Pavel Pereverzev
Pavel Pereverzev

Reputation: 499

Finding ONLY Unique Coordinates in List

I have a list of coordinates like

list_cor = 
    [[4190091.4195999987, 7410226.618699998], 
    [4190033.2124999985, 7410220.0823], 
    [4190033.2124999985, 7410220.0823], 
    [4190035.7005000003, 7410208.670500003], 
    [4190033.2124999985, 7410220.0823], 
    [4190022.768599998, 7410217.844300002]]

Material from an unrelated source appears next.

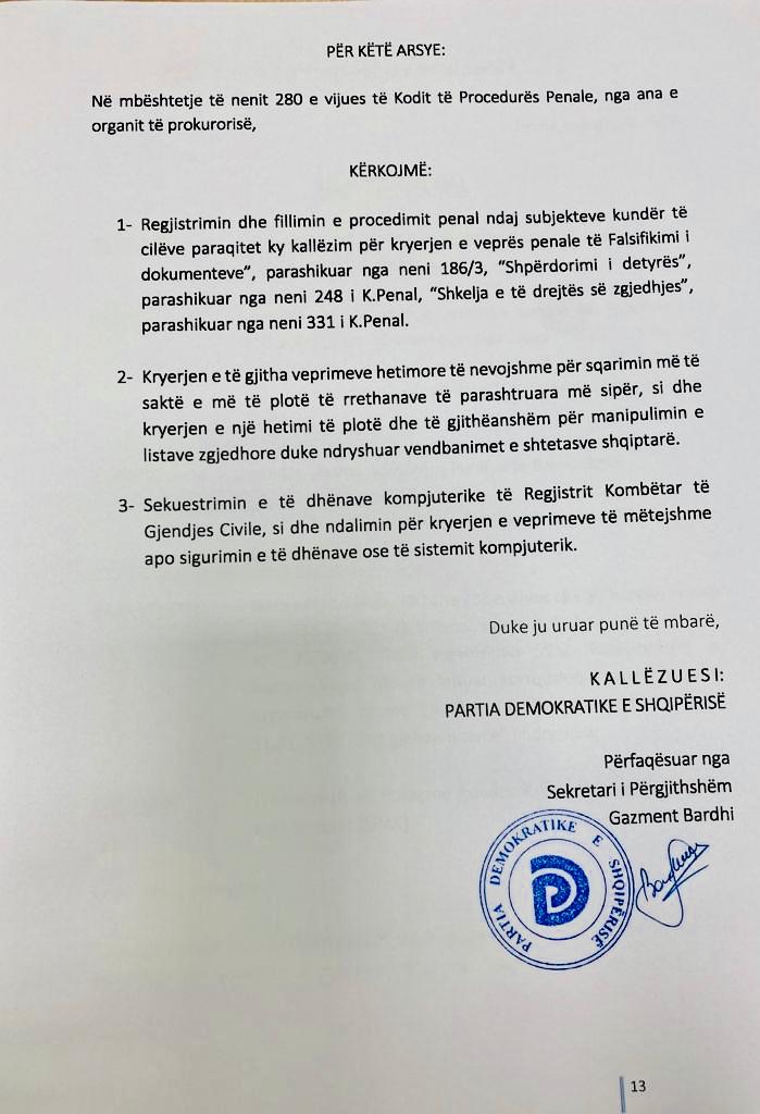 Në padinë e firmosur nga Sekretari i Përgjithshëm i PD, Gazment Bardhi, Prokurorisë së Posaçme Antikorrupsion i kërkohet të sekuestrojë të dhënat kompjuterike, siç është Rregjistri Kombëtar i Gjendjes Civile për të vërtetuar ndërhyrjet e paligjshme në sistem me qëllim ndryshimin e adresës ëë vendbanimit dhe, për rrjedhojë, të pengojë qyyetarët të votojnë, përmes ndryshimit të vendvotimit.

I need to get only these values:

[[4190091.4195999987, 7410226.618699998], 
[4190035.7005000003, 7410208.670500003], 
[4190022.768599998, 7410217.844300002]]

Tried numpy.unique() but it adds this item [4190033.2124999985, 7410220.0823], which I don't need.

Upvotes: 7

Views: 10063

Answers (5)

Radhey
Radhey

Reputation: 81

Use numpy.unique with axis and return_counts parameters:

arr, uniq_cnt = np.unique(list_cor, axis=0, return_counts=True)
uniq_arr = arr[uniq_cnt==1]

Upvotes: 8

tobias_k
tobias_k

Reputation: 82949

For older version of numpy that don't have the return_counts parameter, you could help yourself with collections.Counter:

>>> list_cor = np.array(list_cor)  # assuming list_cor is a numpy array
>>> counts = collections.Counter(map(tuple, list_cor))
>>> counts_arr = np.array([counts[tuple(x)] for x in list_cor])
>>> list_cor[counts_arr == 1]
array([[ 4190091.4196,  7410226.6187],
       [ 4190035.7005,  7410208.6705],
       [ 4190022.7686,  7410217.8443]])

Upvotes: 1

00__00__00
00__00__00

Reputation: 5367

In simple pure python basic types:

# transform to tuples
list_cor=[tuple(c) for c in list_cor]
# transform back after using set to select unique elements only
list_cor_unique=[list(l) for l in list(set(list_cor))]
# create a copy
list_cor_more_than_once = [i for i in list_cor]
# drop all the elements appearing only once
[list_cor_more_than_once.remove(tuple(l)) for l in list_cor_unique if tuple(l) in list_cor]
# finally, keep the uniques not appearing more than once
list_cor_unique=[l for l in list_cor_unique if (tuple(l) in list_cor) and (not (tuple(l) in list_cor_more_than_once)) ]

Pros:

  • no external libraries

  • would work for higher dimension coordinates

Upvotes: 1

Brett Beatty
Brett Beatty

Reputation: 6003

I like using a dictionary to keep track of counts:

>>> counts = {}
>>> for coordinate in list_cor:
...     coordinate = tuple(coordinate) # so it can be hashed and used as dict key
...     counts.setdefault(coordinate, 0) # add coordinate to dict
...     counts[coordinate] += 1 # increment count for coordinate
...

You then have a dictionary that looks like this:

>>> counts
{(4190091.4195999987, 7410226.618699998): 1, (4190033.2124999985, 7410220.0823): 3, (4190035.7005000003, 7410208.670500003): 1, (4190022.768599998, 7410217.844300002): 1}

You can then use list comprehension to create a list of unique coordinates:

>>> [list(coordinate) for coordinate, count in counts.items() if count == 1]
[[4190091.4195999987, 7410226.618699998], [4190035.7005000003, 7410208.670500003], [4190022.768599998, 7410217.844300002]]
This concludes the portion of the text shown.